* Goal of the exercise
Only the lines from the one holding "i7-12650H单线程分数1799cb,多线程分数14052cb。" through the end of the records below are to be reproduced exactly, and pictures are to be omitted.

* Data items
########
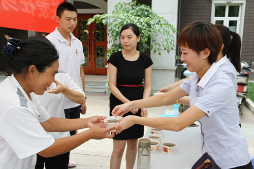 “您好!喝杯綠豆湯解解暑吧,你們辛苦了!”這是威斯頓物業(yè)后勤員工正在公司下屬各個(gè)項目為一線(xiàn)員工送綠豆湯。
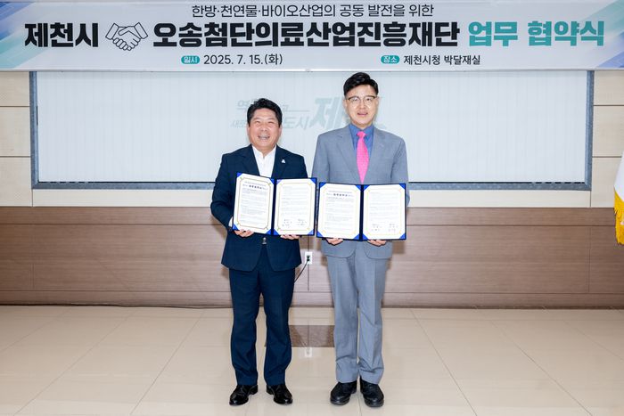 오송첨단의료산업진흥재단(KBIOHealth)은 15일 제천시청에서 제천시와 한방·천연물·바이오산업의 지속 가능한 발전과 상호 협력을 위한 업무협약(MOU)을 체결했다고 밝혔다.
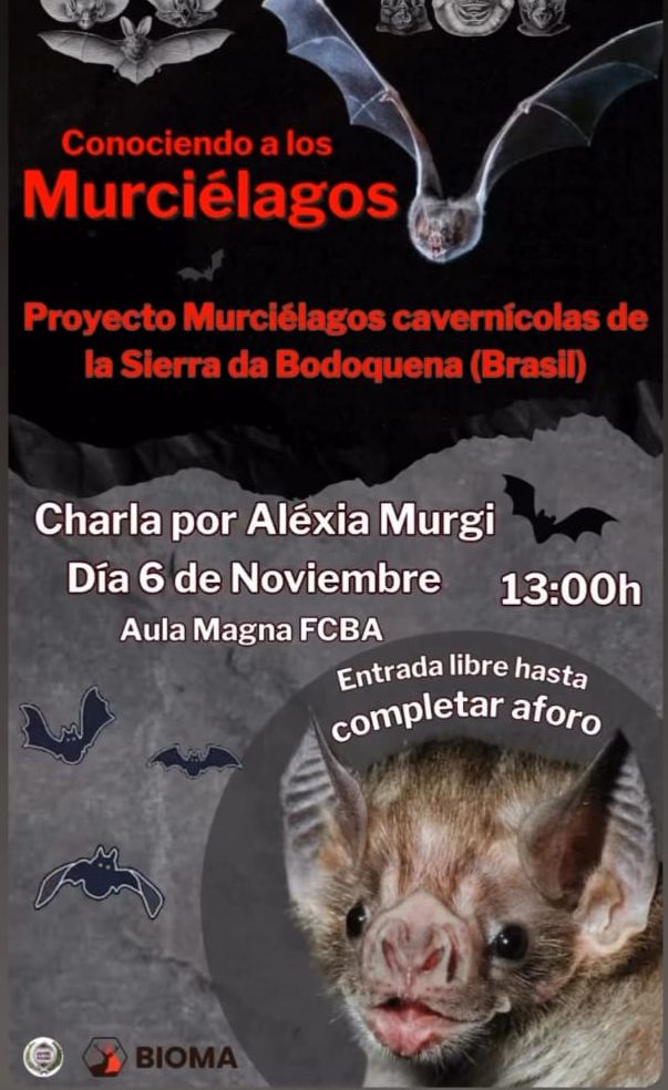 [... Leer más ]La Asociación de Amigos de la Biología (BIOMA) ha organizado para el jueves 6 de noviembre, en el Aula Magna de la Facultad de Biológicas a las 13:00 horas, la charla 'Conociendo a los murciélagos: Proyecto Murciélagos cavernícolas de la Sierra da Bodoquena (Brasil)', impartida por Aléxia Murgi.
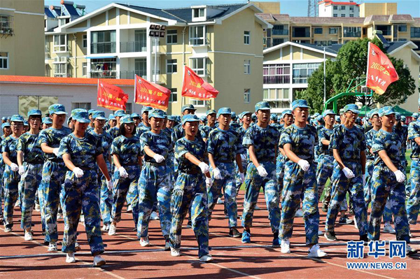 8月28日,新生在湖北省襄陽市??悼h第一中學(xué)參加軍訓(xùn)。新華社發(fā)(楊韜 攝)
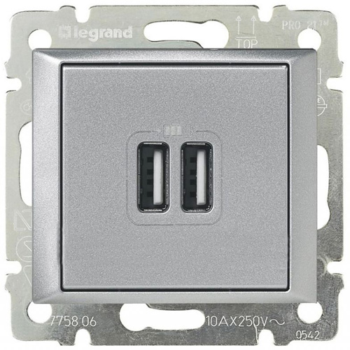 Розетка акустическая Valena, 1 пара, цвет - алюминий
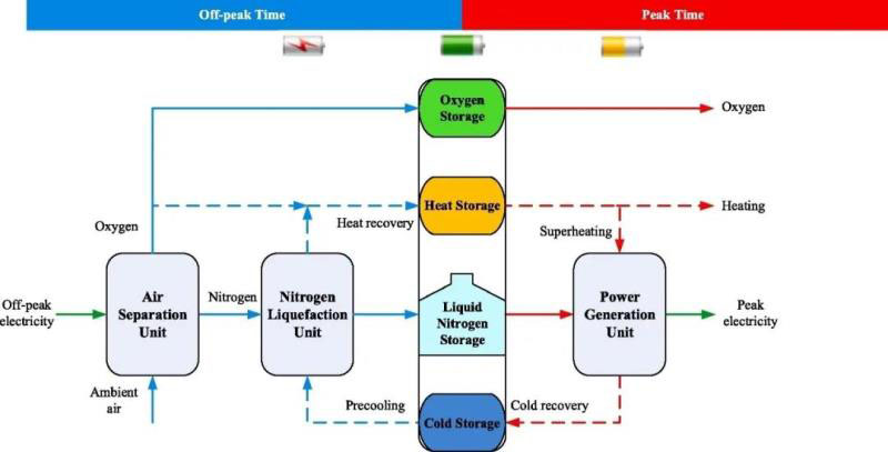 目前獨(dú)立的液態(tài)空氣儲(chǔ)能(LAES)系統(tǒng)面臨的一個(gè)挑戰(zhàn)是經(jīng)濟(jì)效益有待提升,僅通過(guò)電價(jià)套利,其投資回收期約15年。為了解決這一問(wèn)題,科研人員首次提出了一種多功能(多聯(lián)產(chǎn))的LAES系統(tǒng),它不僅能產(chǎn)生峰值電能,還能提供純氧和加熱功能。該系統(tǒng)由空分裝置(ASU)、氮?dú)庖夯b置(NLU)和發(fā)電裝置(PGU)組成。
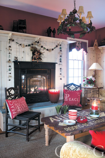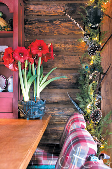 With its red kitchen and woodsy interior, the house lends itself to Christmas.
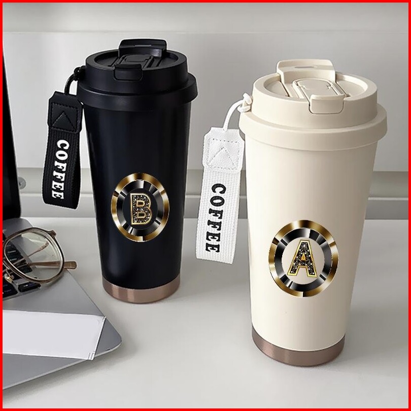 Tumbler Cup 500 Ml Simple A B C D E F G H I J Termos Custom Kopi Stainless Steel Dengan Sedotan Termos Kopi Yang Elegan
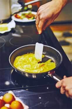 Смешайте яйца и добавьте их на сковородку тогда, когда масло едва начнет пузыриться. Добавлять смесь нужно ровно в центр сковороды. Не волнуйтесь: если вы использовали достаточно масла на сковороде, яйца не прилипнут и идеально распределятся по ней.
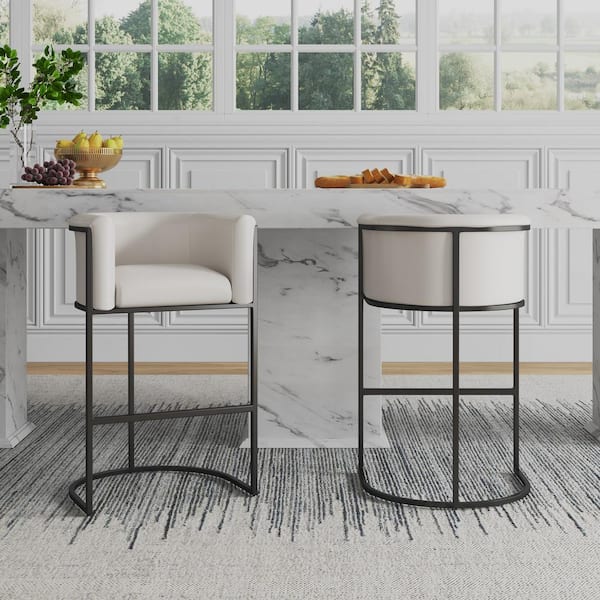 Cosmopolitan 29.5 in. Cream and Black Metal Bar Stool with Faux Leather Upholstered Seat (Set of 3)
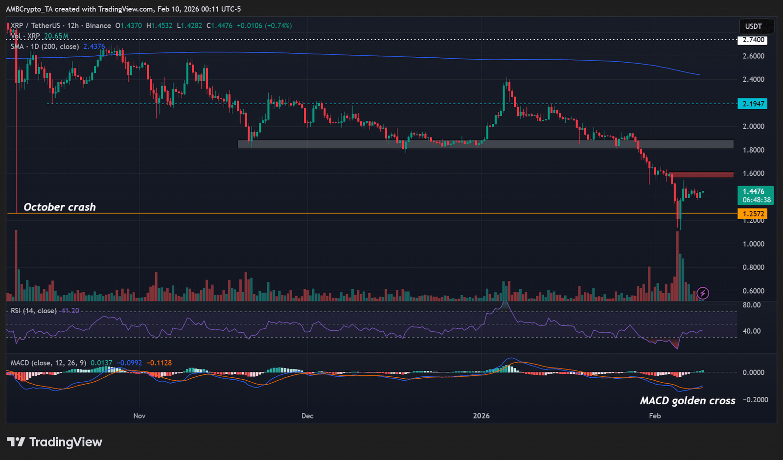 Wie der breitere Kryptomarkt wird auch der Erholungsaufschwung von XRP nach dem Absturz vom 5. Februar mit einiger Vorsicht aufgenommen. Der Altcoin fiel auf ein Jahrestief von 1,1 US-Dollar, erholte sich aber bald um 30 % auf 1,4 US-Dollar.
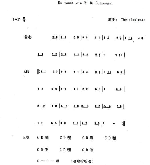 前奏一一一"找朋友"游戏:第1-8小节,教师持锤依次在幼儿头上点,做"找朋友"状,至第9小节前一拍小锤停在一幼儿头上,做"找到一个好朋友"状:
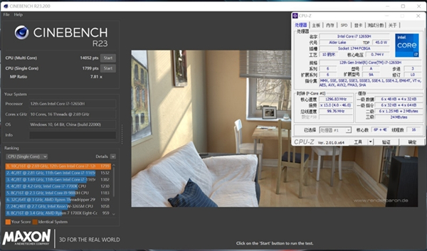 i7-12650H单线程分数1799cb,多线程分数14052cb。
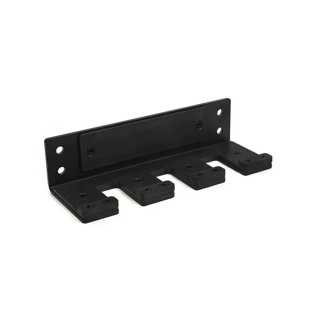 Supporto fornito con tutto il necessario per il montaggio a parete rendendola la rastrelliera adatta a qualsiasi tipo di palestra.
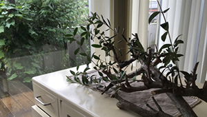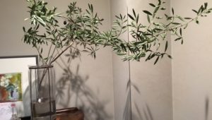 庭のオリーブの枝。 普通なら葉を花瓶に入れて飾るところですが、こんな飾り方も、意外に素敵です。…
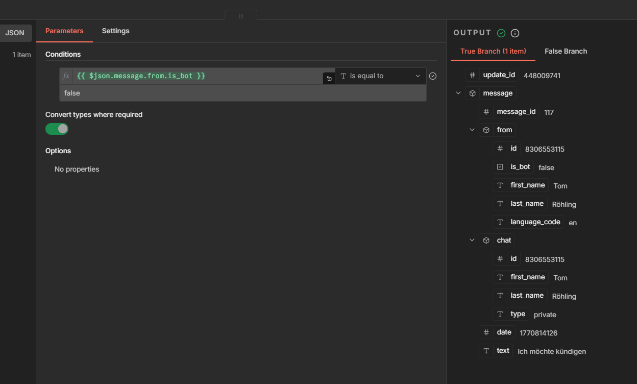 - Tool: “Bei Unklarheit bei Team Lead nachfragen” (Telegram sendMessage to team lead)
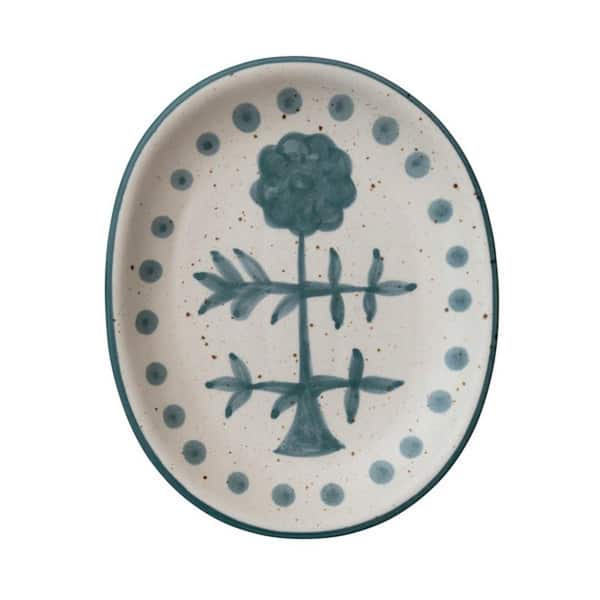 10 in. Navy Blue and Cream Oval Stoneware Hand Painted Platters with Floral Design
########
* Response for this exercise
 i7-12650H单线程分数1799cb,多线程分数14052cb。
 Supporto fornito con tutto il necessario per il montaggio a parete rendendola la rastrelliera adatta a qualsiasi tipo di palestra.
 庭のオリーブの枝。 普通なら葉を花瓶に入れて飾るところですが、こんな飾り方も、意外に素敵です。…
 - Tool: “Bei Unklarheit bei Team Lead nachfragen” (Telegram sendMessage to team lead)
 10 in. Navy Blue and Cream Oval Stoneware Hand Painted Platters with Floral Design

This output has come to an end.